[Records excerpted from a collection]

------------------------------

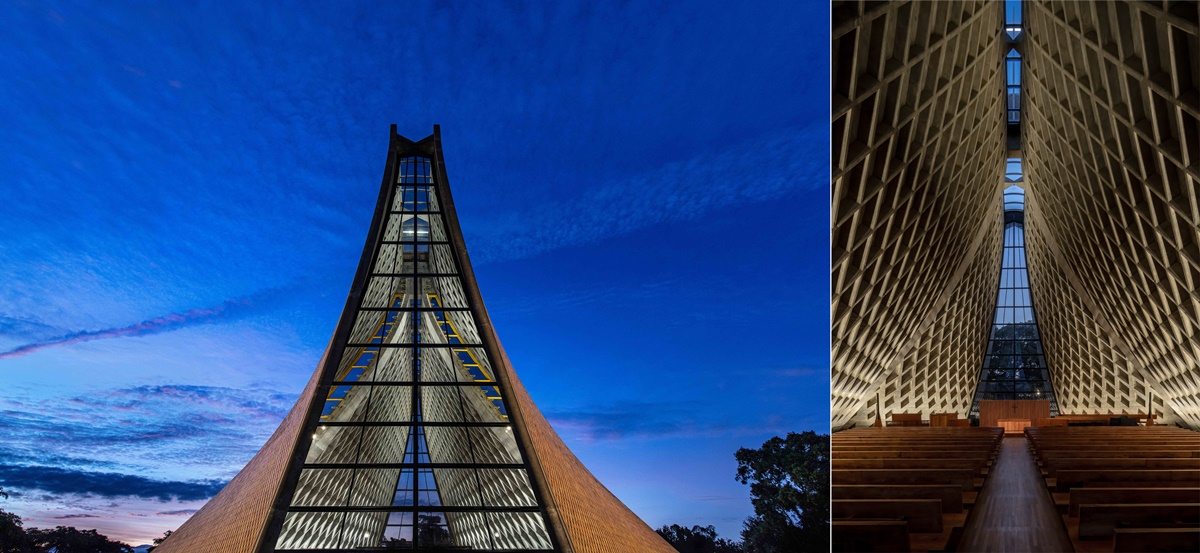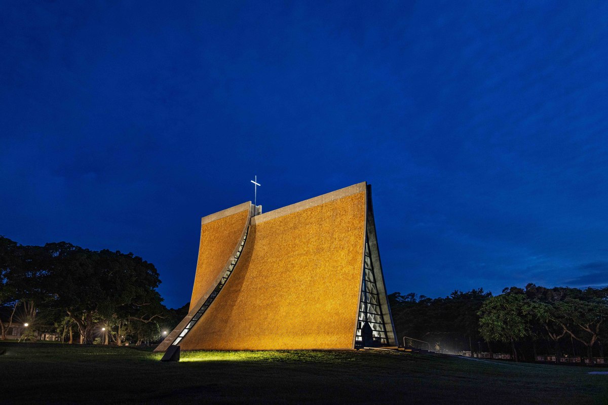 由臺灣建築師陳其寬與美籍華裔建築師貝聿銘設計的「路思義教堂」,落成於1963年,是台灣現代建築經典之作。設計團隊藉修復工程,引入現代化燈具與光環境整合;精準運用人工光,營造宛若自然天光細膩襯托曲面稜線,夜幕降臨,以暖調微光勾勒結構輪廓,使路思義教堂無論在白晝與夜間,皆能展現其神聖與詩意的空間精神。
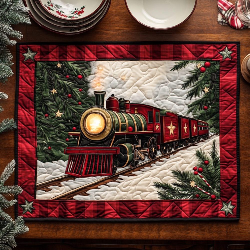 quilted placemat, North Pole placemat, holiday table mat, Christmas quilted placemat, machine washable placemat, cotton blend placemat, festive table decor
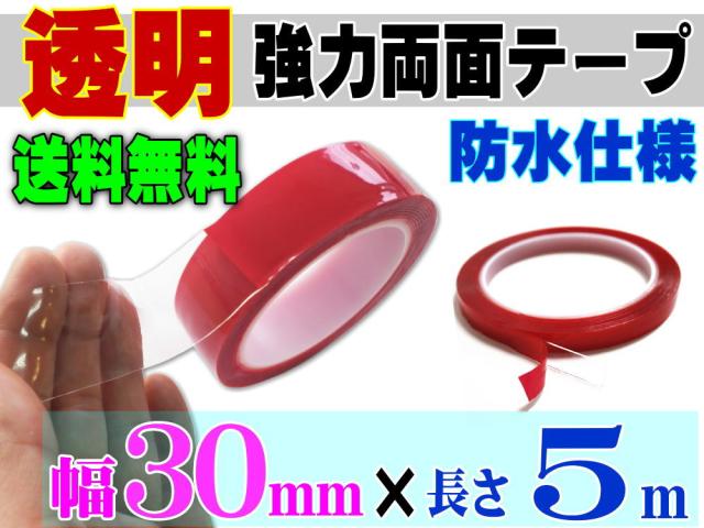 透明 両面テープ (30mm) 5m 【宅急便 送料無料】幅3cm 長さ500cm 超強力 クリアタイプ 厚手1mm 防水仕様 外装 内装 自動車パーツ ガラス 等に スコッチ 3M社 スリーエム社 製と同等の粘着力 多用途 アクリルフォームテープ 曲面対応 DIY 高透明 車用 バイク用 幅広 剥がせる
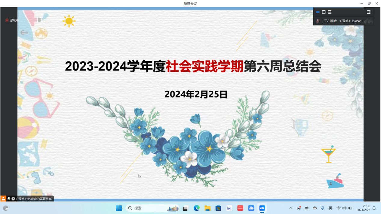 2024年2月25日健康与护理系苏森森老师通过腾讯会议对所带5组生涯学生召开了社会实践学期第六周的总结会。
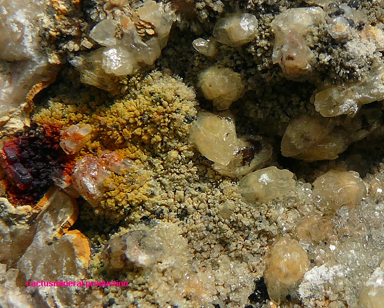- natrolit Velmi zajímavý a estetický vzorek s třemi barevnými variantami natrolitu – oranžová, růžová a červená (Mariánská skála). Velikost vzorku 119 mm.
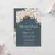 A vintage floral invitation for your spring or summer wedding rehearsal dinner with elegant cream, blush and white watercolor flowers, pastel greenery and an elegant navy blue background.
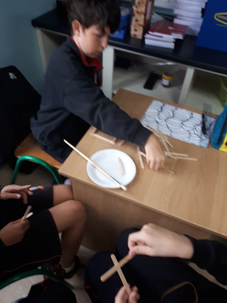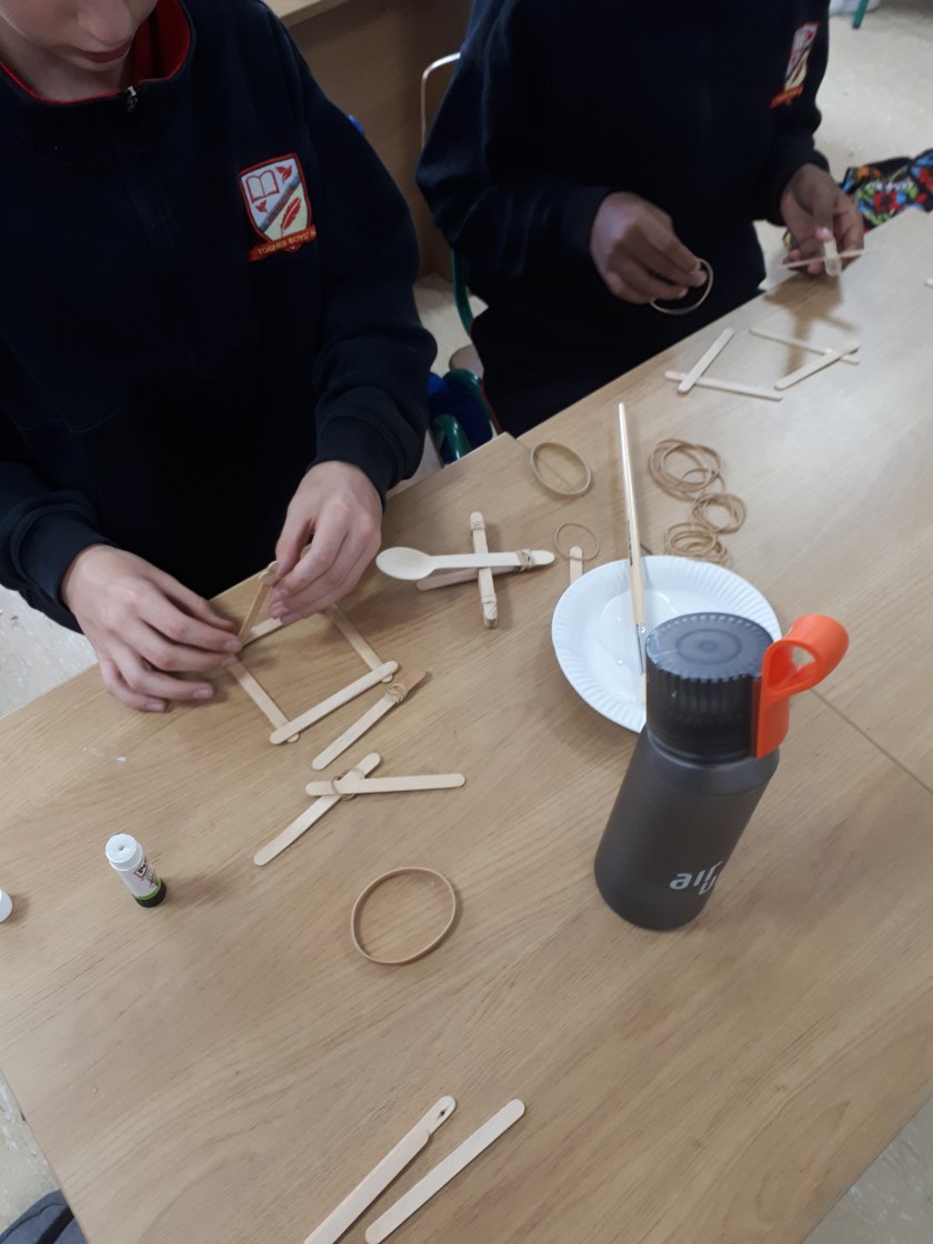For science this week, the boys in 6th class looked at how catapults work. Catapults were used for a long time in warfare, the Romans used catapults as siege weapons and later on, the Normans used them also. In the twentieth century catapults were used in the First World War to fire hand grenades into the enemy’s trenches. Using rubber bands, lollipop sticks, pva glue and tape, we were able to design our own versions. By putting stress or tension on the elastic bands, we were able to store energy in them. When we released the elastic band, we were able to use this energy to send small objects flying!
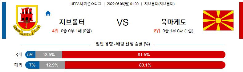 【UEFA네이션스리그】 6월6일 지브롤터 vs 북마케도니아

------------------------------

**Assignment**
What should be set down is every line from the opening of the records through the line that contains "2024年2月25日健康与护", exactly, with pictures left out.

**Result of the task**
 由臺灣建築師陳其寬與美籍華裔建築師貝聿銘設計的「路思義教堂」,落成於1963年,是台灣現代建築經典之作。設計團隊藉修復工程,引入現代化燈具與光環境整合;精準運用人工光,營造宛若自然天光細膩襯托曲面稜線,夜幕降臨,以暖調微光勾勒結構輪廓,使路思義教堂無論在白晝與夜間,皆能展現其神聖與詩意的空間精神。
 quilted placemat, North Pole placemat, holiday table mat, Christmas quilted placemat, machine washable placemat, cotton blend placemat, festive table decor
 透明 両面テープ (30mm) 5m 【宅急便 送料無料】幅3cm 長さ500cm 超強力 クリアタイプ 厚手1mm 防水仕様 外装 内装 自動車パーツ ガラス 等に スコッチ 3M社 スリーエム社 製と同等の粘着力 多用途 アクリルフォームテープ 曲面対応 DIY 高透明 車用 バイク用 幅広 剥がせる
 2024年2月25日健康与护理系苏森森老师通过腾讯会议对所带5组生涯学生召开了社会实践学期第六周的总结会。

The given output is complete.